Check the airport website obsessively. Good airports tell you how long the security wait is, right now, when you are not there. It will say “Five to Ten Minutes” right up until you get there, at which point it will switch to “Roughly the duration of the Pleistocene Era.”
Pack your carry-on carefully. It will speed the process if you don’t have a lot of suspicious-looking things in your bag. I’m always disconcerted when they don’t pull my backpack aside and put me in a small room for questions, because my bag looks as if it is wired for mayhem. They ought to take me to a small brightly lit room and ask questions.
“Why do you have so many cords and batteries?”
“Well, there are the drone batteries, the main backup batteries, and then the smaller ones for excursions.”
“Are you aware that we do have power here in Europe?”
“Yes, but it’s funny power. Not ha-ha funny of course but it’s in need of conversion. Doesn’t speak American. I’d say doesn’t speak English but your English currency is wonky too and by currency I mean the electricity not the money, although I’ll be damed if I can figure out why thruppence, which clearly denotes a third, is actually a quarter of a shilling -”
“Sir, you’re babbling like a nervous man who has something to hide.”
“Well we all have something to hide, don’t we? The inner recesses of the Id hold a thousand vials of secrets.”
“I see. And do any of these vials contain biological material, such as a toxin?’
“No - it’s a figure of speech. I don’t have any vials. Well, I’ve one, but it has mouthwash, and it’s in my checked luggage. More of a flask, really. But I’m sure your scanners looked at that cefore the bag went in the plane.
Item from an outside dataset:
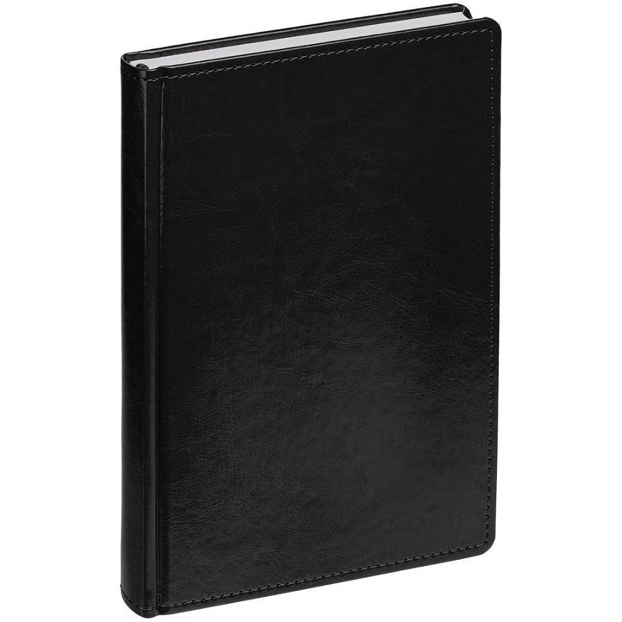 Ежедневник с твердой обложкой без поролона, выполнен из материала Nebraska, черный АА, дополнен ляссе и капталом в цвет обложки.

Before! I meant before! I didn’t mean C-4, the powerful explosive! I don’t even know where you’d get that stuff. It’s not like that explosive available at rural fertilizer supply stores everywhere, and besides, you’d have detected that tell-tale residue unless I’d scoured everything with bleach, which I haven’t, because I don’t have any. Bleach. I mean I have bleach at home but I haven’t scrubbed my bag with bleach to remove the residue of my mouthwash. I’m not making the plane, am I.”
Finally: ask yourself what’s the worst that could happen, and plan accordingly. A car wreck might slow traffic to the airport, so consider alternate longer routes and build the time into your schedule, including booking a helicopter. A hundred people might be queuing to drop a bag, so consider wearing everything you’ll wear on the trip in multiple layers. There might be the entire performing troupe for Gustav Mahler’s “Symphony of a Thousand” ahead of you at the TSA line, so check the nation’s orchestra websites to see if anyone’s performing that piece.
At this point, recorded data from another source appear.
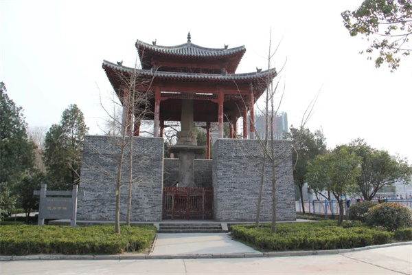 彼岸寺碑位于漯河市郾城區(qū)實(shí)驗(yàn)中學(xué)院內(nèi),又稱“彼岸寺經(jīng)幢”、龍塔古篆”,為明清郾城八景之一。彼岸寺碑為北宋景德年間刻立。碑文記述尉氏僧人契宗大師于太平興國(guó)年間來(lái)此募資十五年,重修彼岸寺的情況。彼岸寺碑通高12.18米,由底盤(pán)、基座、篆文碑、造像碑、頂?shù)葮?gòu)成。除頂部為磚石結(jié)構(gòu)外,其余構(gòu)件均為青石雕琢對(duì)接而成。彼岸寺碑設(shè)計(jì)精湛,造型古樸美觀,通體雕刻人物、佛事等故事,氣韻生動(dòng),堪稱一絕,2006年,被國(guó)務(wù)院公布為第六批全國(guó)重點(diǎn)文物保護(hù)單位。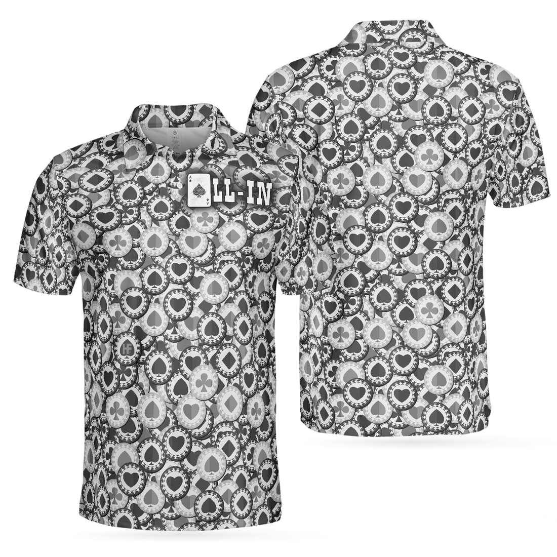 Poker All In Short Sleeve Polo Shirt, Black And White Poker Chip Pattern Polo Shirt, Best Poker Shirt For Men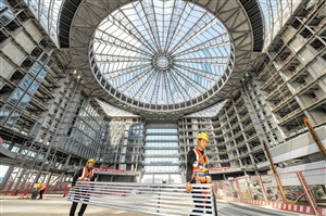 ????2月23日,在江东新区总部经济区(生态CBD)海南银行总部大楼项目现场,各项工序稳步推进,外幕墙安装已进入收尾阶段,室内精装修正全面开展。

Then add an hour. Wait for an itchy sense of doubt to set in.
Add another. And consider taking a job at the airport so you’ll always be there already no matter what.
I alway arrive early, yet the airlines seem to have difficulty with departing on time. Then they blame it on weather, or ATC, or karma. But never the fact they create schedules that have them and every one of their competitors departing and arriving at the same time. It's a regular Angels vs pin topography who knew?
I would like to take up a collection to buy James and his wife a round-trip ticket on a small jet charter service. I have not had the luxury myself (yet?) but often dream of arriving at the airport on my own time, parking near the entrance to the private terminal, and enjoying a TSA-free and waiting line-free boarding experience. As it is, I loathe air travel, and the pain and stress are compounded for me as I literally cannot sit in economy class seats without my knees being jammed up against the seat in front of me.